Track originally posted at [soundcloud.com/hbbk](https://soundcloud.com/hbbk/heddy-mag-check02). More on the musicians at [xedh.org](http://www.xedh.org/) and [boubaker.net](http://heddy.boubaker.free.fr/).

Not Waving, Tubing (MP3)

Looking at and listening to a drone by Moon Zero

There’s a strange dissonance — in the cognitive sense, not the harmonic — when tracking the progression of a short piece of ambient music as it flows across a browser. There’s the placid, even if dark-toned, audio on the one hand, and on the other there’s that rapid motion of the projected image, the symbol of the music’s forward motion. Take “Budapest,” by **Moon Zero**, which was posted at the artist’s [soundcloud.com/moonzero](https://soundcloud.com/moonzero/budapest) page, and which has, as a waveform, the sort of largely uniform contour of a drone.

It’s a thick, unwavering stretch of sound, by all appearances. In colloquial terms, “Budapest” is more tube than wave. And, indeed, Moon Zero’s drone is a drone, in that it has a consistent tonal quality that maximizes stasis over any evident melodic or rhythmic intent. But there’s more to it than that, not only because drones entice the ear to listen for subtle distinctions, but because “Budapest”’s distinctions aren’t all that subtle: inside that tube there are cycles of ringing, metallic chatter, slurry echoes, and more. This waveform pattern is just one view of the track.

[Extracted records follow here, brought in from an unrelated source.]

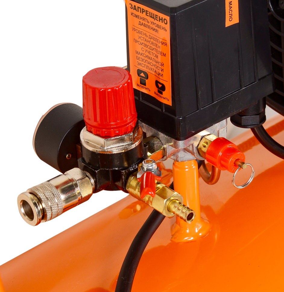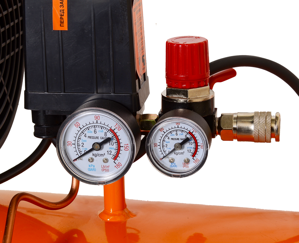 Входящий воздух проходит через фильтры и очищается от пыли и других примесей. Это продлевает срок эксплуатации двигателя. Регулятор задает уровень давления на выходе. Оно автоматически поддерживается прессостатом. Встроенные манометры позволяют контролировать работу автоматики. У двигателя масляный тип смазки. Смазочное масло и воздушные фильтры входят в комплекте поставки.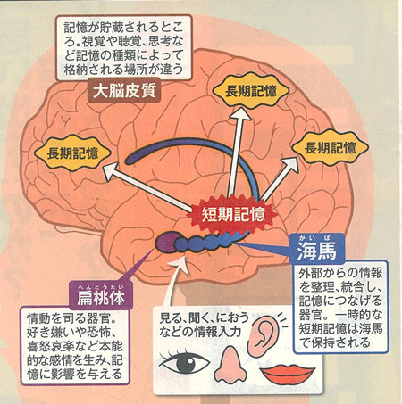 目、耳など感覚器官や思考を通じて入ってきた情報は、脳内の「海馬」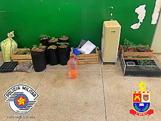 Durante patrulhamento os policiais receberam uma denúncia informada via COPOM (Centro de Operações da Polícia Militar do Interior), de que pela Rua Mário Tocchini, Jardim Castelo Branco, de que uma residência em reforma teria um indivíduo que usava o local para cultivar maconha.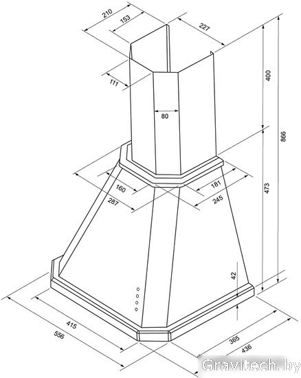 конструкция купольная, монтаж настенный, ширина 55.6 см, управление механическое/кнопочное, производительность мотора 700 м3/ч, цвет слоновая кость

Certainly there are other visualizations that would do greater justice to its complexity.

More on/from Moon Zero, who’s based in London, England, at [twitter.com/moonzer0](https://twitter.com/moonzer0)
and [moon-zero.tumblr.com](http://moon-zero.tumblr.com/).

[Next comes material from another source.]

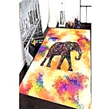 Renkli Çiçekli Fil Desenli Dijital Baskılı Halı

Disquiet Junto Project 0046: Silent Ballot

The Assignment: Investigate a recording of the voting process for its "sonic fingerprint."

*Each Thursday at [the Disquiet Junto group on Soundcloud.com](http://soundcloud.com/groups/disquiet-junto/info) a new compositional challenge is set before the group’s members, who then have just over four days to upload a track in response to the assignment. Membership in the Junto is open: [just join and participate](http://soundcloud.com/groups/disquiet-junto/info).*

The assignment was made in the afternoon, California time, on Thursday, November 15, with 11:59pm on the following Monday, November 19, as the deadline. (There are no translations this week.)

These are the instructions that went out to the group’s email list (at [tinyletter.com/disquiet-junto](http://tinyletter.com/disquiet-junto)).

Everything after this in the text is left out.